In CMS’s press release, Patrick Conway, M.D., CMS’ principal deputy administrator and chief medical officer stated that “This model is about improving patient care. Patients want high quality, coordinated care – not just for a day, but for an entire episode of care. Hospitals, physicians, and other providers who work together can be successful and improve care for patients in this model, and CMS will help providers succeed.”
Participant hospitals are encouraged to enter into certain financial arrangements with other providers in an Episode to encourage reductions in cost and increases in quality, and to share in both the downside risk and upside gain of CJR. The waivers will facilitate these arrangements and will apply to: (1) distribution of gainsharing payments in CJR; (2) distribution of such payments from a group practice after payment by the hospital; and (3) certain patient engagement incentives made to beneficiaries, all where certain conditions are met in their entirety.
The model’s goal is to give hospitals a financial incentive to work with physicians, home health agencies, skilled nursing facilities, and other providers to ensure that Medicare beneficiaries get the coordinated care. CMS believes that the CJR can help minimize confusion and in some cases, eliminate multiple care plans and instructions for beneficiaries that conflict and can lead to re-hospitalizations and complications.

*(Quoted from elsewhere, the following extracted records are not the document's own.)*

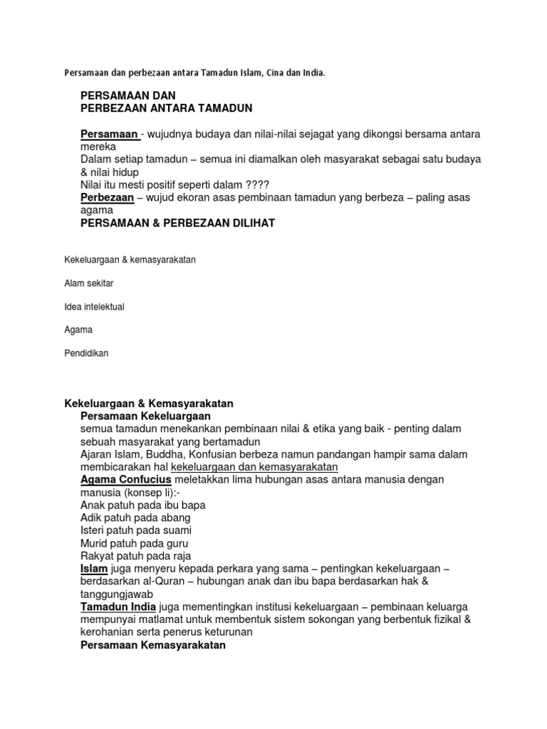 32152425 Persamaan Dan Perbezaan Di Antara Tamadun Islam Docx Documents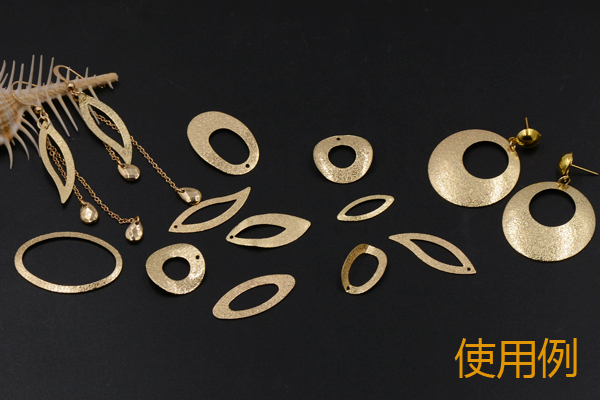 メタルパーツ プレート スクラブ 抜きオーバル 1穴 28×40mm ゴールド【10ヶ】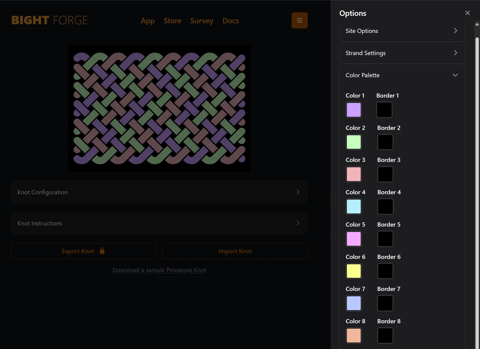 Bight Forge automatically assigns up to 8 unique colors to each strand in a knot. These can be adjusted via Options > Color Palette.

If CMS continues with this paradigm shift, it will cause even more consolidation opportunities among hospitals, physicians and long term care providers. It will also force these providers to create integrated health care delivery systems (“IDSs”) that can handle all the various types of care needed by a patient in connection with a specific health care procedure or an episode of care. An attorney can help providers navigate the many unique challenges and loss exposures associated with IDSs.